Maximum Likelihood Reinforcement Learning
About Event
🔬 AI4Science on alphaXiv
🗓 Wednesday March 18th 2026 · 10AM PT
🎙 Featuring Fahim Tajwar
💬 Casual Talk + Open Discussion
🎥 Zoom: Upon Registration
Description: Reinforcement learning is the method of choice to train models in sampling-based setups with binary outcome feedback, such as navigation, code generation, and mathematical problem solving. In such settings, models implicitly induce a likelihood over correct rollouts. However, we observe that reinforcement learning does not maximize this likelihood, and instead optimizes only a lower-order approximation. Inspired by this observation, we introduce Maximum Likelihood Reinforcement Learning (MaxRL), a sampling-based framework to approximate maximum likelihood using reinforcement learning techniques. MaxRL addresses the challenges of non-differentiable sampling by defining a compute-indexed family of sample-based objectives that interpolate between standard reinforcement learning and exact maximum likelihood as additional sampling compute is allocated.
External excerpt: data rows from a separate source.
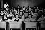 Description :INTERIEUR D'UNE CLASSE DU COURS PRIMAIRE. LES ELEVES SONT ASSIS A LEUR PUPITRE ET LE PROFESSEUR SE TIENT EN ARRIERE.
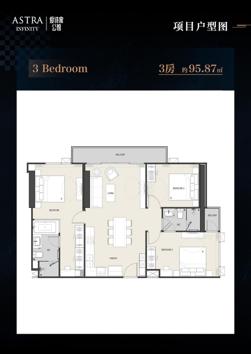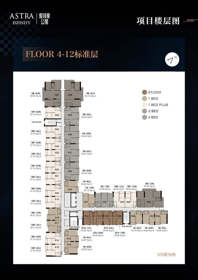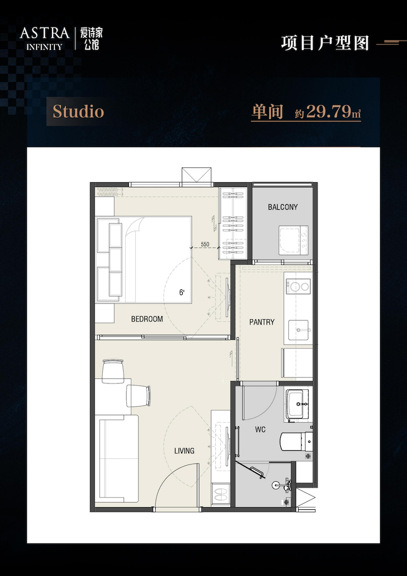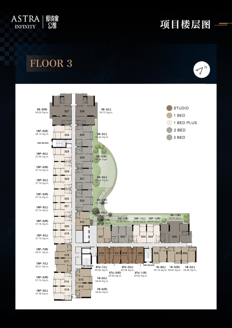 お部屋の広さは29.54㎡〜95.93㎡、間取りはスタジオ〜3ベッドルームまでの5タイプがあります。
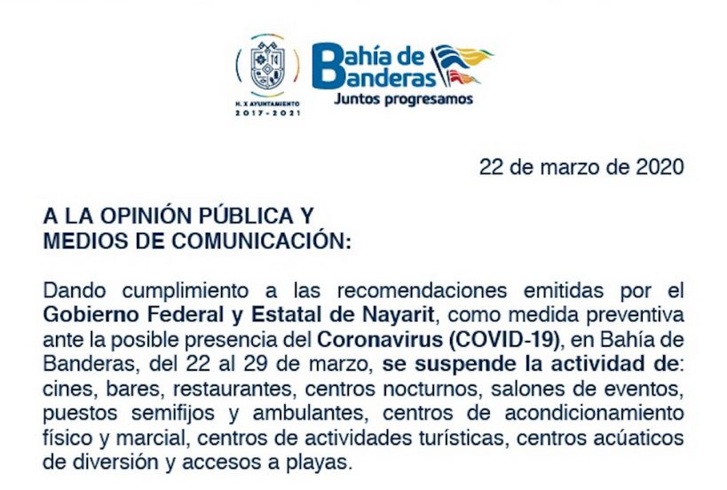 Dando cumplimiento a las recomendaciones emitidas por el Gobierno Federal y Estatal de Nayarit, como medida preventiva ante la posible presencia del Coronavirus (Covid-19), en Bahía de Banderas, del 22 al 29 de marzo, se suspende la actividad de: cines, bares, centros nocturnos, restaurantes, salones de eventos, puestos semifijos y ambulantes, centros de acondicionamientos y marcial, centros de actividades turísticas, centros acuáticos de diversión y accesos a playas.
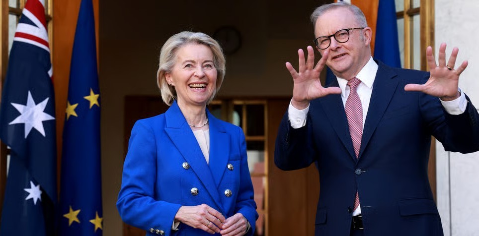 Avrupa Birliği ve Avustralya, sekiz yıl süren müzakerelerin ardından kapsamlı bir serbest ticaret anlaşması imzaladı. 7 milyar dolar değerindeki anlaşma, Avustralya Başbakanı Anthony Albanese ve AB Komisyonu Başkanı Ursula von der Leyen tarafından “her iki taraf için de kazan-kazan” olarak nitelendirildi.
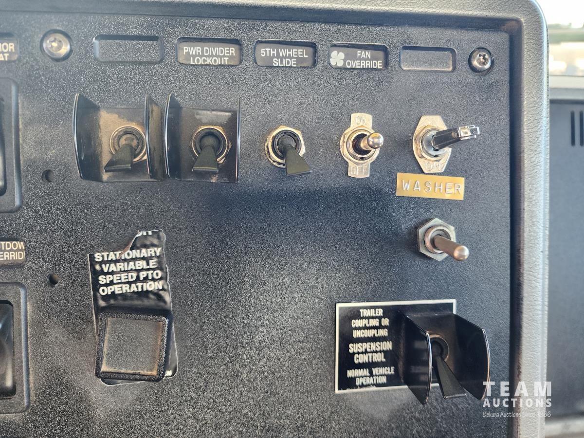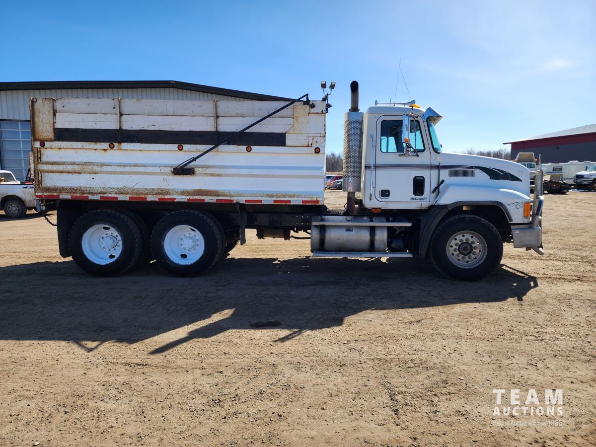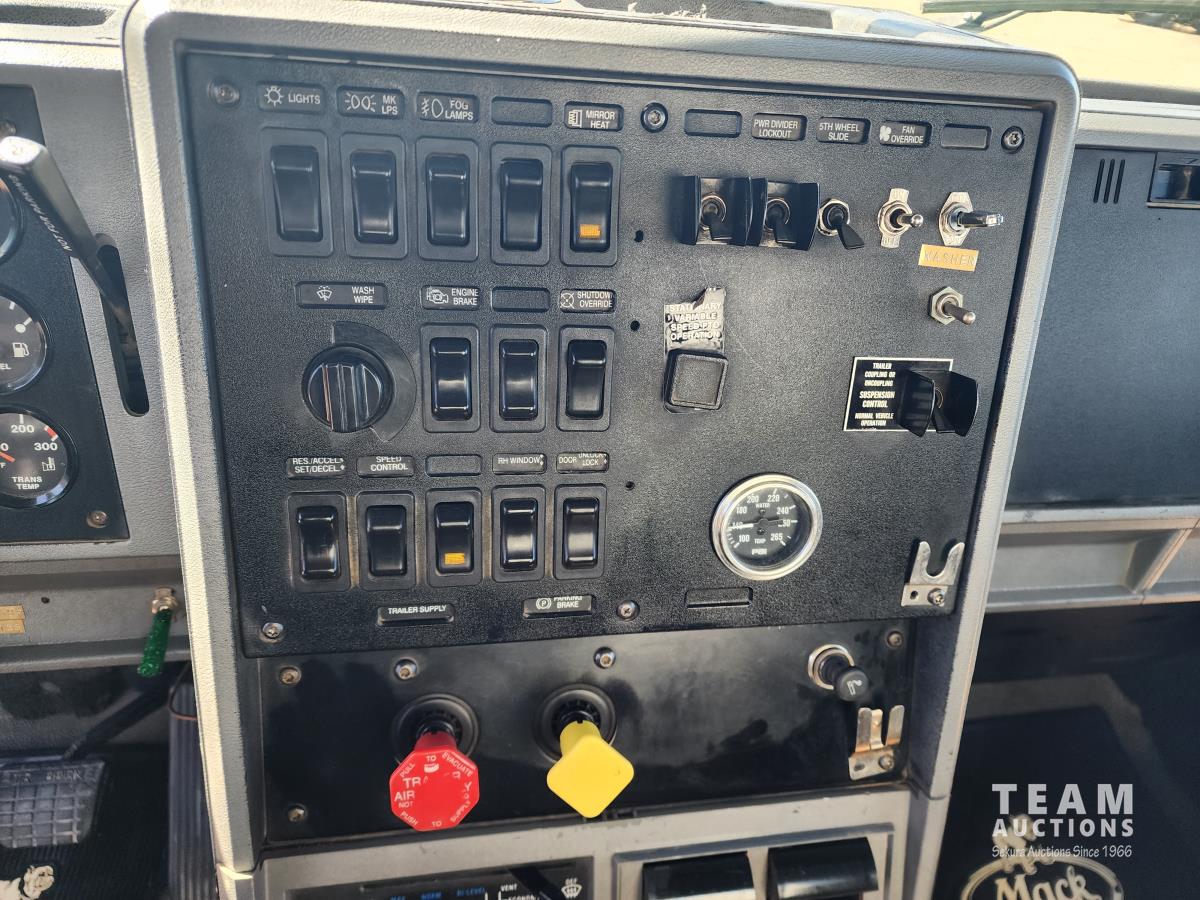 Mack E7-460 460 HP engine, engine brake, Eaton Fuller 18 speed manual transmission, Injectors changed and new injection pump installed November 2022, A/C, radio, moose bumper, 15 ft box, hoist, LoadShare front air assist suspension, 205 inch WB, pintle hitch, tall silage end gate, aluminum front wheels, 385/65R22.5 front tires, 11R22.5 rear tires

The resulting objectives admit a simple, unbiased policy-gradient estimator and converge to maximum likelihood optimization in the infinite-compute limit. Empirically, we show that MaxRL Pareto-dominates existing methods in all models and tasks we tested, achieving up to 20x test-time scaling efficiency gains compared to its GRPO-trained counterpart. We also observe MaxRL to scale better with additional data and compute. Our results suggest MaxRL is a promising framework for scaling RL training in correctness based settings.
Check out the full paper here!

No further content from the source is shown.